KAFKA-18683: Handle slicing of file records for updated start position

apoorvmittal10 · apoorvmittal10 · commit edec69762137 · 2025-01-31T10:28:57.000Z
diff --git a/clients/src/main/java/org/apache/kafka/common/record/FileRecords.java b/clients/src/main/java/org/apache/kafka/common/record/FileRecords.java
@@ -161,7 +161,9 @@ private int availableBytes(int position, int size) {
 
         if (position < 0)
             throw new IllegalArgumentException("Invalid position: " + position + " in read from " + this);
-        if (position > currentSizeInBytes - start)
+        // position should always be relative to the start of the file hence compare with file size
+        // to verify if the position is within the file.
+        if (position > currentSizeInBytes)
             throw new IllegalArgumentException("Slice from position " + position + " exceeds end position of " + this);
         if (size < 0)
             throw new IllegalArgumentException("Invalid size: " + size + " in read from " + this);
diff --git a/clients/src/test/java/org/apache/kafka/common/record/FileRecordsTest.java b/clients/src/test/java/org/apache/kafka/common/record/FileRecordsTest.java
@@ -44,6 +44,7 @@
 import java.util.concurrent.ExecutorService;
 import java.util.concurrent.Executors;
 import java.util.concurrent.Future;
+import java.util.stream.IntStream;
 
 import static java.util.Arrays.asList;
 import static org.apache.kafka.common.utils.Utils.utf8;
@@ -433,6 +434,38 @@ public void testSearchForTimestamp() throws IOException {
         }
     }
 
+    /**
+     * Test slice when already sliced file records have start position greater than available bytes
+     * in the file records.
+     */
+    @Test
+    public void testSliceForAlreadySlicedFileRecords() throws IOException {
+        byte[][] values = new byte[][] {
+            "abcd".getBytes(),
+            "efgh".getBytes(),
+            "ijkl".getBytes(),
+            "mnop".getBytes(),
+            "qrst".getBytes()
+        };
+        try (FileRecords fileRecords = createFileRecords(values)) {
+            List<RecordBatch> items = batches(fileRecords.slice(0, fileRecords.sizeInBytes()));
+
+            // Slice from fourth message until the end.

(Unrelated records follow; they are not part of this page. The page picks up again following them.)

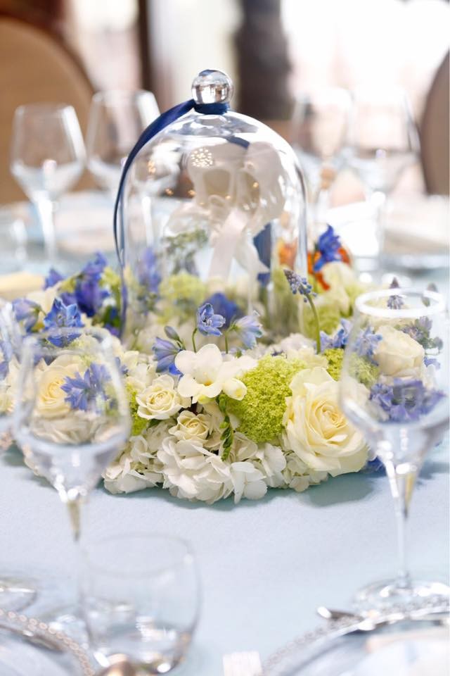 Această frumoasă idee de aranjament flori de botez clopot este personalizata cu mici accesorii din trusoul bebelusului – papucei, jucarii sau orice alt detaliu pe care parintii doresc sa il impartaseasca cu invitatii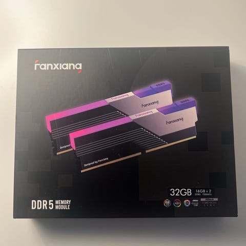 Two Crucial DDR5 RAM sticks 2x32GB, 64GB total, transfer speed 6400 MT/s. Timings 40-40-40-84. Compatible with Intel and AMD cpus.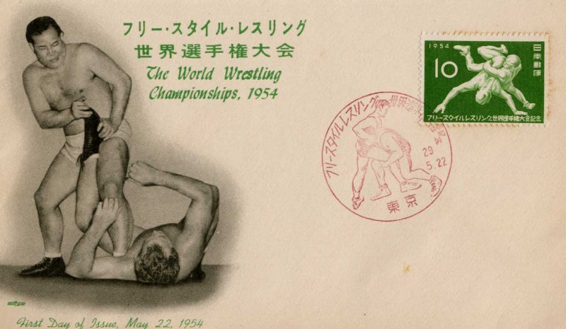 | 最近は、レスリング(アマレス)をプロレスと混同している人は少なくなってきたようですが、比較的最近まで、同じものと考えている人がかなりおりました。今、少年レスリングの歴史を色々と調べていますが、昭和40年代のことを見ますと、多くの場合、普及の障害になったのが、プロレスとの混同でした。 「あんな野蛮なものはうちの子にさせるわけにはいかない」 「いや、そういうんじゃないんですよ」 「駄目だ!あんな凶器を使うようなことはさせん!!」 こんな会話は当たり前の状況でした。いくら東京オリンピックで金メダルをとっても、世間の認識はそんなものでした。オリンピック後でもこの様な状況でしたから、日本レスリング創成期には、本当に様々な誤解があったようです。 前にご紹介した日本レスリングの創始者というべき庄司彦雄は、プロレスラーとの対戦経験もあり、大正〜昭和初期のアメリカ留学中には当時のプロレスに魅せられた人物でした。実際にプロレス界にもかなりコミットしており、当地の日系人社会では英雄的存在だったようです。そして、帰国後、八田会長等を誘って早稲田大レスリング部を創設するわけですが、彼のイメージは、明らかにプロレスのそれでした。部創設後に庄司が著した日本初のレスリング書籍は、プロレスの内容が満載です。彼の中では、基礎的技術はアマレス、さらに危険な技術も含めて相手を倒すのがプロレス、という認識のようです。いまでいう、総合格闘技のようなものですね。つまり、完全なプロ−アマの関係で見ていたのです。こんなレスリング観の違いもあり、1年も経たずに早大レスリング部のグループから抜けてしまいました。 次にご紹介したいのは、昭和29年、日本で世界選手権が開催された時のことです。この時、大会記念切手が発売されました。日本が連合軍の占領から解放され、ようやく国際社会に出ていこうとする、まさにそんな復興期での開催だっただけに、この大会は、世間的にも注目されていたのだと思います。さて、その発売時、切手と一緒に一枚の封筒がセットになって販売されていました。その封筒が問題なのです。とにかく見てください。 |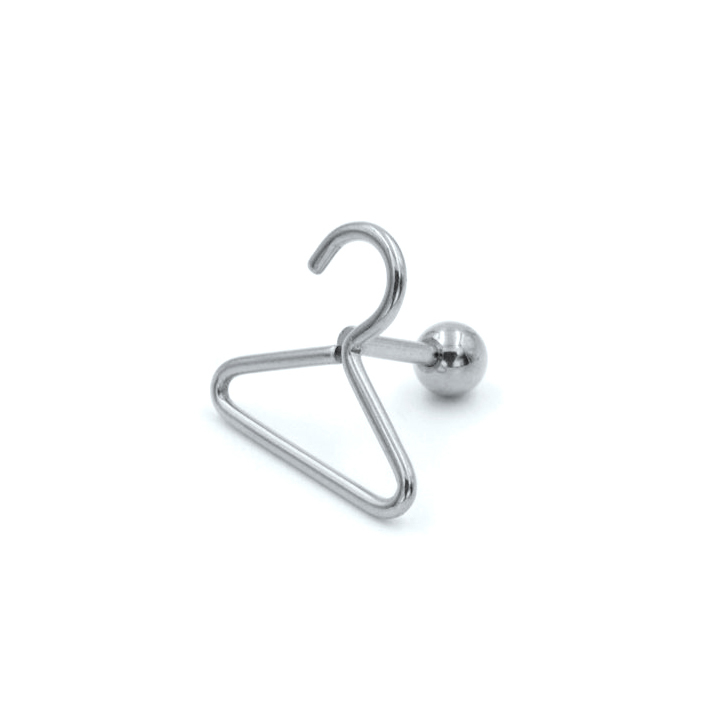 Quizás no hubieras pensado en esta posibilidad, pero ahora tienes la oportunidad de tener una pequeña y bonita joya para tu oreja, que demuestran tu afición por la ropa y los complementos. Esta joya está hecha de una pieza de metal, a la que se le ha dado la forma de percha para la ropa, y mide 15 mm de ancho y 13 mm de alto.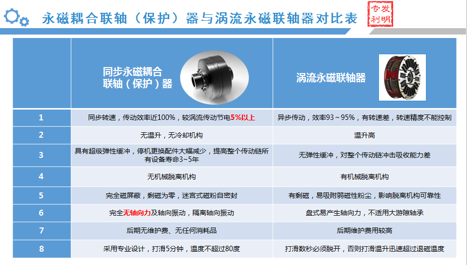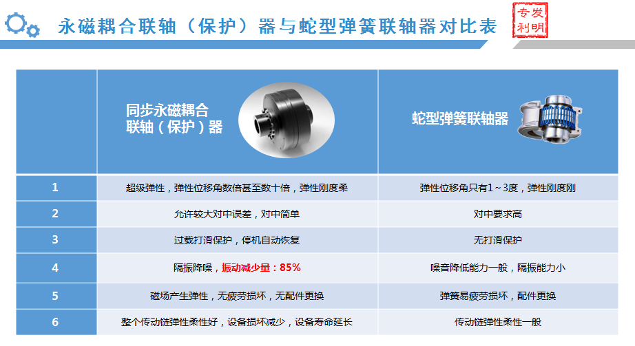 作為國內(nèi)專業(yè)生產(chǎn)耦合器的企業(yè),江蘇磁谷自主研發(fā)生產(chǎn)的永磁耦合聯(lián)軸(保護(hù))器采用雙永磁筒式結(jié)構(gòu),利用稀土永磁純物理吸力(無電磁感應(yīng))產(chǎn)生大彈性位移,同步傳遞轉(zhuǎn)矩,廣泛應(yīng)用于水泥、電力、鋼鐵、礦山、煤炭等行業(yè)提升機(jī)、斜拉鏈機(jī)、皮帶機(jī)、斗輪機(jī)、風(fēng)機(jī)、水泵等動力系統(tǒng),取代限矩型液偶、蛇形彈簧聯(lián)軸器等沖擊大、振動大的剛性聯(lián)軸器及渦流永磁聯(lián)軸器。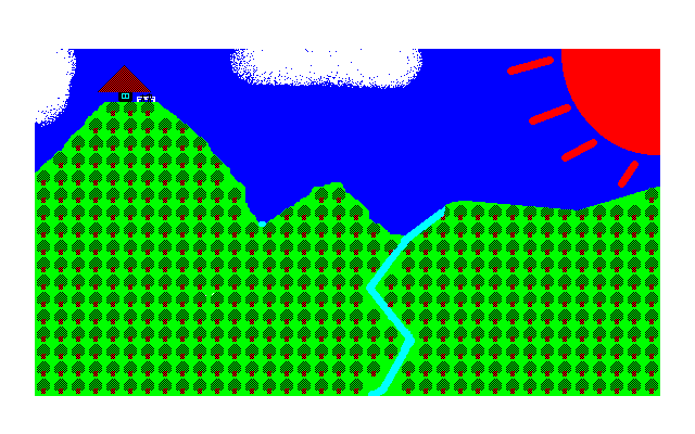 - 青い空とたくさんの木や山が美川村にあってほしいと思い,この作品を作りました。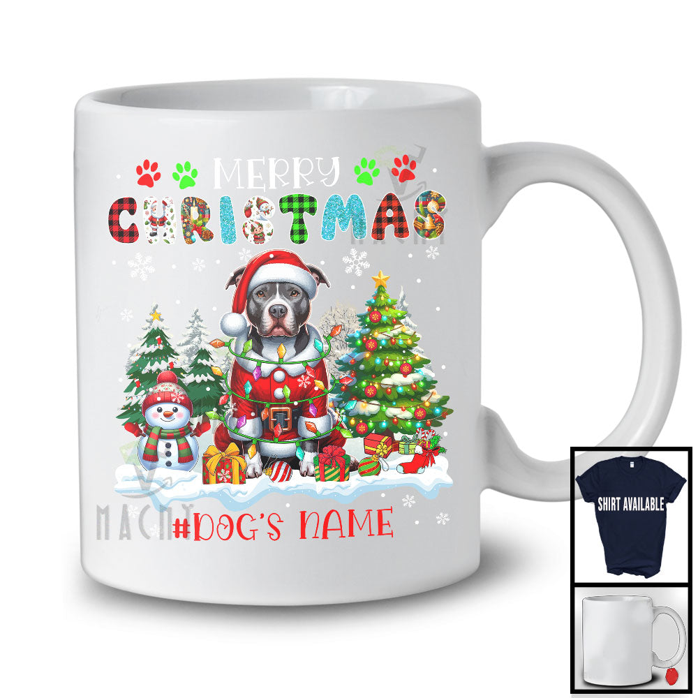 Personalized Merry Christmas; Lovely Custom Name Santa Pit Bull Owner; Plaid X-mas T-Shirt

+            int position = IntStream.range(0, 3).map(i -> items.get(i).sizeInBytes()).sum();
+            FileRecords sliced  = fileRecords.slice(position, fileRecords.sizeInBytes() - position);
+            assertEquals(fileRecords.sizeInBytes() - position, sliced.sizeInBytes());
+            assertEquals(items.subList(3, items.size()), batches(sliced), "Read starting from the fourth message");
+
+            // Further slice the already sliced file records, from fifth message until the end. Now the
+            // bytes available in the sliced file records are less than the start position. However, the
+            // position to slice is relative hence reset position to first batch in the sliced file records.
+            position = items.get(4).sizeInBytes();
+            FileRecords finalSliced = sliced.slice(position, sliced.sizeInBytes() - position);
+            assertEquals(sliced.sizeInBytes() - position, finalSliced.sizeInBytes());
+            assertEquals(items.subList(4, items.size()), batches(finalSliced), "Read starting from the fifth message");
+        }
+    }
+
     private void testSearchForTimestamp(RecordVersion version) throws IOException {
         File temp = tempFile();
         FileRecords fileRecords = FileRecords.open(temp, false, 1024 * 1024, true);